§ **Instructions to follow**
With the images removed, return every line below exactly as it reads.

═════ Data below

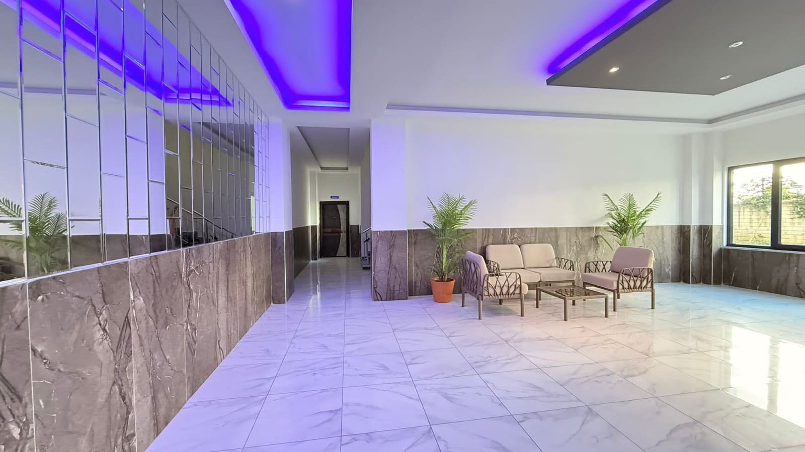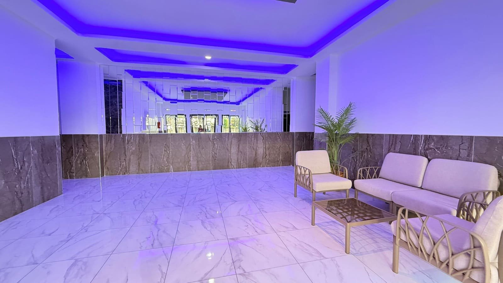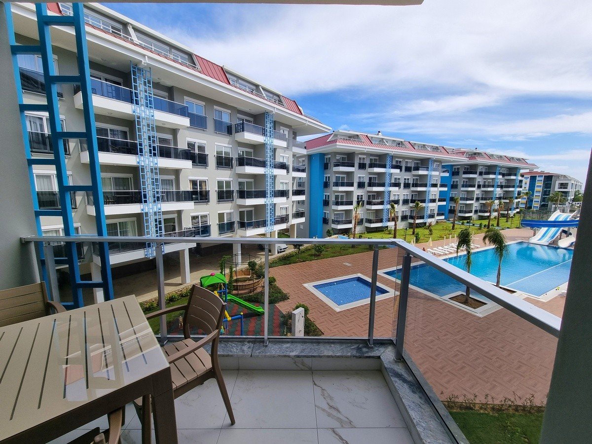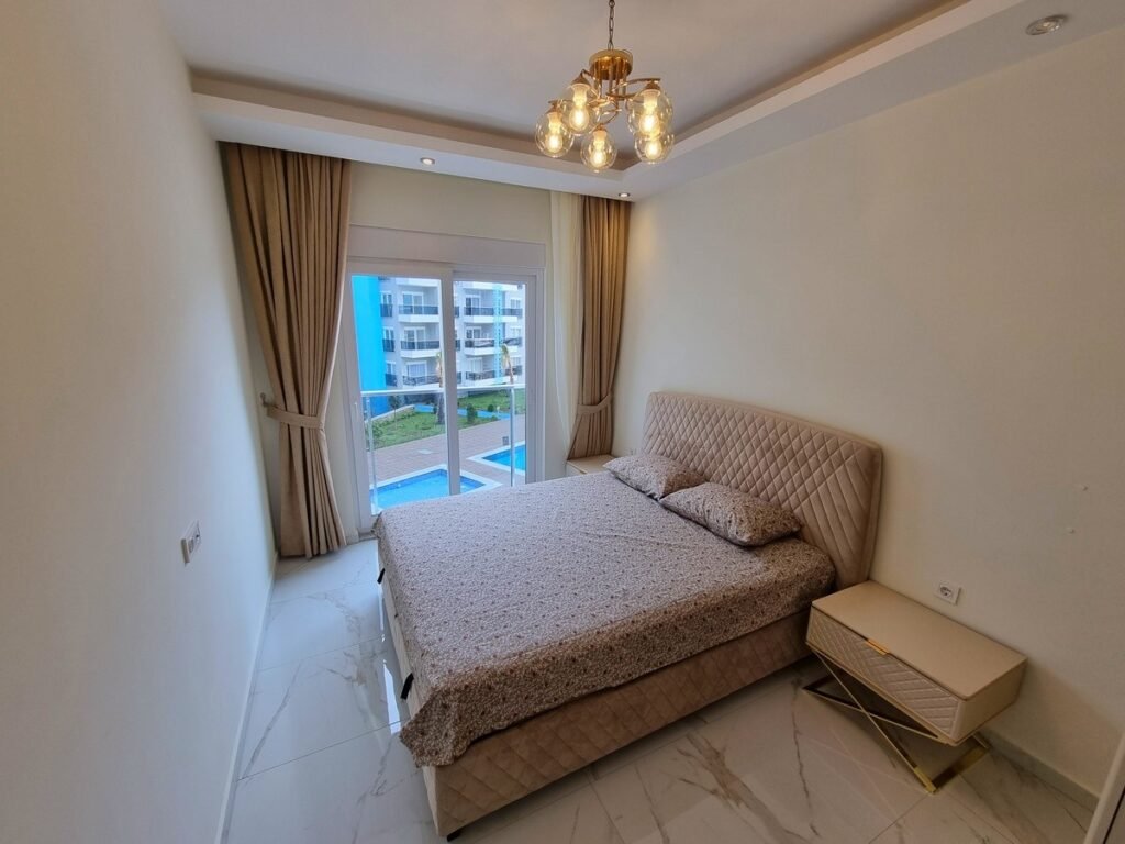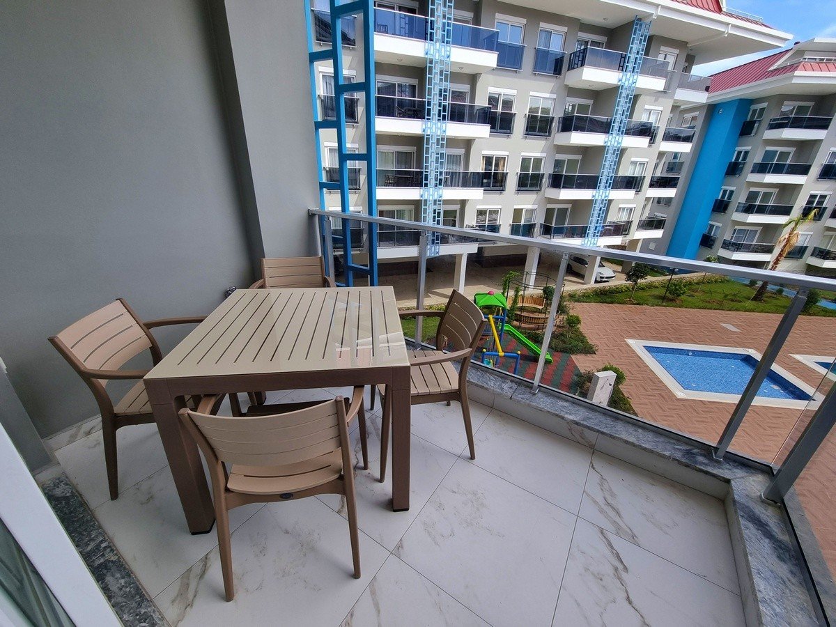 Апартаменты расположены на высоком 1 этаже. Планировка 1+1 имеет площадь 60 м2 и включает в себя совмещённую с кухней гостиную комнату, спальню, ванную комнату и балкон с видом на территорию, сад и бассейн. В квартире есть интернет, умный телевизор и все принадлежности для комфортного проживания.
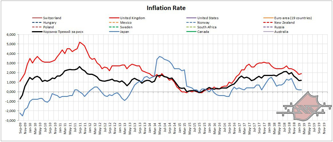 Ну да ладно. Судя по премиям за риск (спред между ставками денежного рынка и рынком капитала) проблемы есть. На картинке уже две экономики имеют перевернутые кривые доходности (инверсия) о которых трубят на всех углах Уолл-стрит и Сити. Эти страны США и Канада (зеленая и сиреневая линии соответственно).
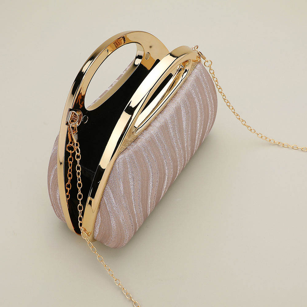 Details • Size : 8.5" X 6.5" X 3" • Top Handle Size : 2" L • Strap Size : 46"L • Clasp Closure • A refined evening handbag featuring a sculpted silhouette, metallic handle, and shimmering textured body. Designed for formal events, it offers a polished finish and a detachable chain for versatile styling, keeping essentials organized while enhancing any sophisticated look.
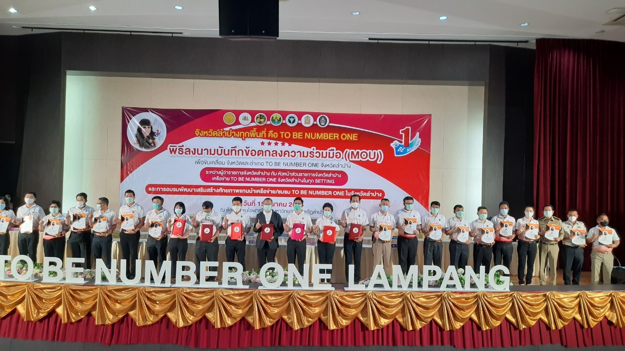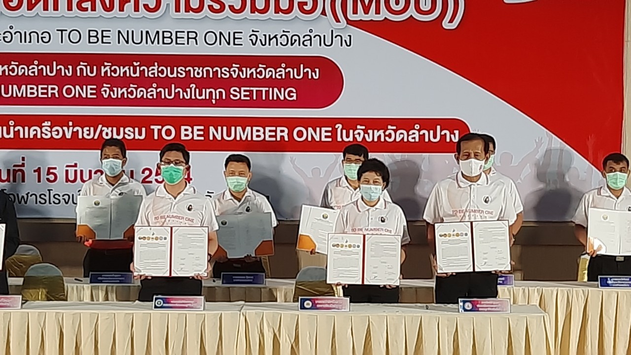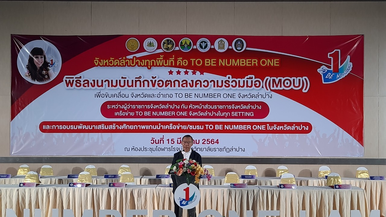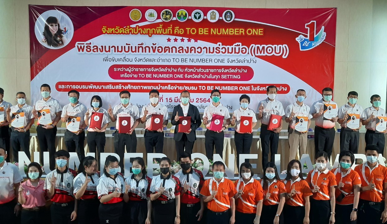 เมื่อวันที่ 15 มีนาคม 2564 เวลา 10.00 น. นายณรงค์ศักดิ์ โอสถธนากร ผู้ว่าราชการจังหวัดลำปาง เป็นประธานในพิธีลงนามบันทึกข้อตกลงความร่วมมือ (MOU) ระหว่างผู้ว่าราชการจังหวัดลำปาง หัวหน้าส่วนราชการระดับจังหวัด 6 กระทรวงหลัก (กระทรวงมหาดไทย กระทรวงสาธารณสุข กระทรวงแรงงาน กระทรวงศึกษาธิการ กระทรวงยุติธรรม และกระทรวงการพัฒนาสังคมและความมั่นคงของมนุษย์) นายอำเภอ และเครือข่าย TO BE NUMBER ONE ทุก SETTING ในจังหวัดลำปางเพื่อร่วมกันขับเคลื่อนโครงการ TO BE NUMBER ONE ในทุก SETTING /ทุกพื้นที่ในจังหวัดลำปาง โดย น.ส.ปาริชาติ สวนใจ แรงงานจังหวัดลำปาง ในฐานะผู้ดูแลชมรม TO BE NUMBER ONE ในสถานประกอบการ ร่วมลงนามบันทึกข้อตกลงความร่วมมือฯ (MOU) ด้วย ณ ห้องประชุมใหญ่ ตึกโอฬาร มหาวิทยาลัยราชภัฏลำปาง อำเภอเมืองลำปาง จังหวัดลำปาง

══════════

§ **Written solution**
 Апартаменты расположены на высоком 1 этаже. Планировка 1+1 имеет площадь 60 м2 и включает в себя совмещённую с кухней гостиную комнату, спальню, ванную комнату и балкон с видом на территорию, сад и бассейн. В квартире есть интернет, умный телевизор и все принадлежности для комфортного проживания.
 Ну да ладно. Судя по премиям за риск (спред между ставками денежного рынка и рынком капитала) проблемы есть. На картинке уже две экономики имеют перевернутые кривые доходности (инверсия) о которых трубят на всех углах Уолл-стрит и Сити. Эти страны США и Канада (зеленая и сиреневая линии соответственно).
 Details • Size : 8.5" X 6.5" X 3" • Top Handle Size : 2" L • Strap Size : 46"L • Clasp Closure • A refined evening handbag featuring a sculpted silhouette, metallic handle, and shimmering textured body. Designed for formal events, it offers a polished finish and a detachable chain for versatile styling, keeping essentials organized while enhancing any sophisticated look.
 เมื่อวันที่ 15 มีนาคม 2564 เวลา 10.00 น. นายณรงค์ศักดิ์ โอสถธนากร ผู้ว่าราชการจังหวัดลำปาง เป็นประธานในพิธีลงนามบันทึกข้อตกลงความร่วมมือ (MOU) ระหว่างผู้ว่าราชการจังหวัดลำปาง หัวหน้าส่วนราชการระดับจังหวัด 6 กระทรวงหลัก (กระทรวงมหาดไทย กระทรวงสาธารณสุข กระทรวงแรงงาน กระทรวงศึกษาธิการ กระทรวงยุติธรรม และกระทรวงการพัฒนาสังคมและความมั่นคงของมนุษย์) นายอำเภอ และเครือข่าย TO BE NUMBER ONE ทุก SETTING ในจังหวัดลำปางเพื่อร่วมกันขับเคลื่อนโครงการ TO BE NUMBER ONE ในทุก SETTING /ทุกพื้นที่ในจังหวัดลำปาง โดย น.ส.ปาริชาติ สวนใจ แรงงานจังหวัดลำปาง ในฐานะผู้ดูแลชมรม TO BE NUMBER ONE ในสถานประกอบการ ร่วมลงนามบันทึกข้อตกลงความร่วมมือฯ (MOU) ด้วย ณ ห้องประชุมใหญ่ ตึกโอฬาร มหาวิทยาลัยราชภัฏลำปาง อำเภอเมืองลำปาง จังหวัดลำปาง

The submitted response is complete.